American singer-songwriter (born 1988)

Maxim Ludwig (born October 22, 1988) is an American singer-songwriter from Los Angeles.

== Career ==

=== Early career ===
Ludwig began his musical career in the band Maxim Ludwig & The Santa Fe Seven, an Americana rock band centered around himself. The band undertook many transformations since their first appearance at the Stagecoach Festival in 2009. Significant buzz surrounded Ludwig around this time, with Los Angeles Times music critic August Brown pleading in an article that "someone sign Maxim Ludwig by the end of the day" and writing that his songs "have all the swagger of the E Street Band, if that E Street were in 1970s Laurel Canyon and gently tweaked hippies drove it riding in stolen Cadillacs". Meanwhile, the Times Randy Lewis compared the importance of Ludwig's shows to seeing Buffalo Springfield's early gigs, describing him as being "deeply schooled in the art of Americana music stalwarts such as Bob Dylan, the Band, Gram Parsons-era Byrds/Flying Burrito Brothers and the twangiest leanings of the Rolling Stones". Ludwig was the opening act and supported Robert Francis on his "Heaven" tour in 2013.

=== 2015–present ===
In 2015, Ludwig released two singles as a solo act under Hit City U.S.A.: "All My Nightmares" and "Assembly Line". In an interview with Ludwig, Indie Current called the new singles "excellent blends of rock, jazz, and soul".

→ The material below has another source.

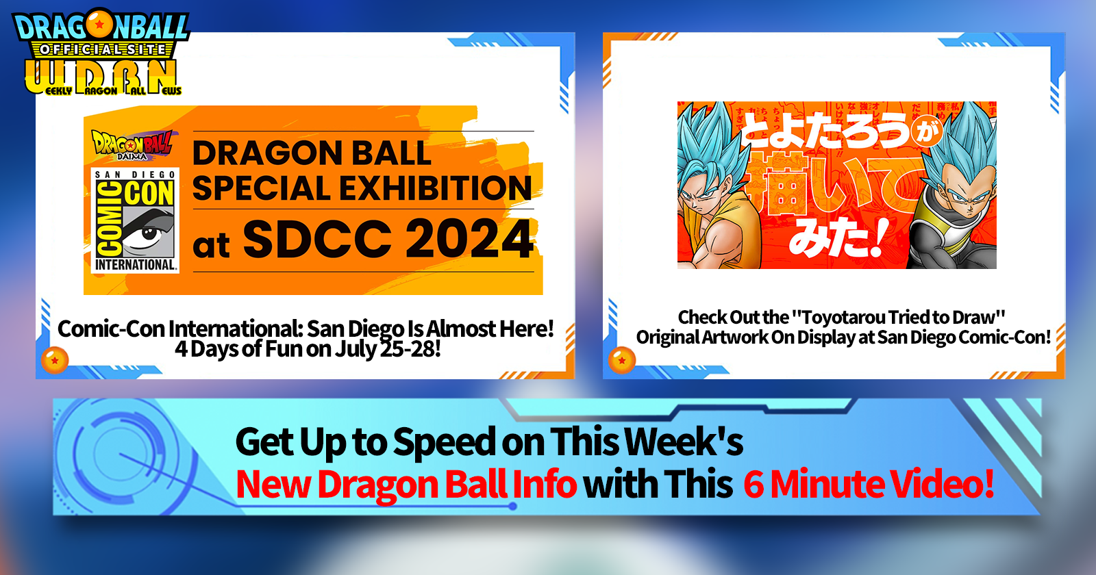 "Weekly Dragon Ball News" is a video series updated every Monday (JST) to bring you the latest news in the world of Dragon Ball! Join V Jump editor Victory Uchida as he covers all the hottest info released in the previous week as well as fresh updates like new product info and site news for the week to come!

The two tracks are also included on Ludwig's debut solo album Libra-Scorpio Cusp, released June 2, 2017. When reviewing his new material, the Los Angeles Times said "Ludwig's eclecticism is still in force ... with a grunge-inspired foundation, a catchy and melodic core surrounded by left-field touches from distorted harmonica and neo-psychedelic production" and Billboard described him as being "on the road to success", comparing his sound to David Bowie, Prince and Bruce Springsteen.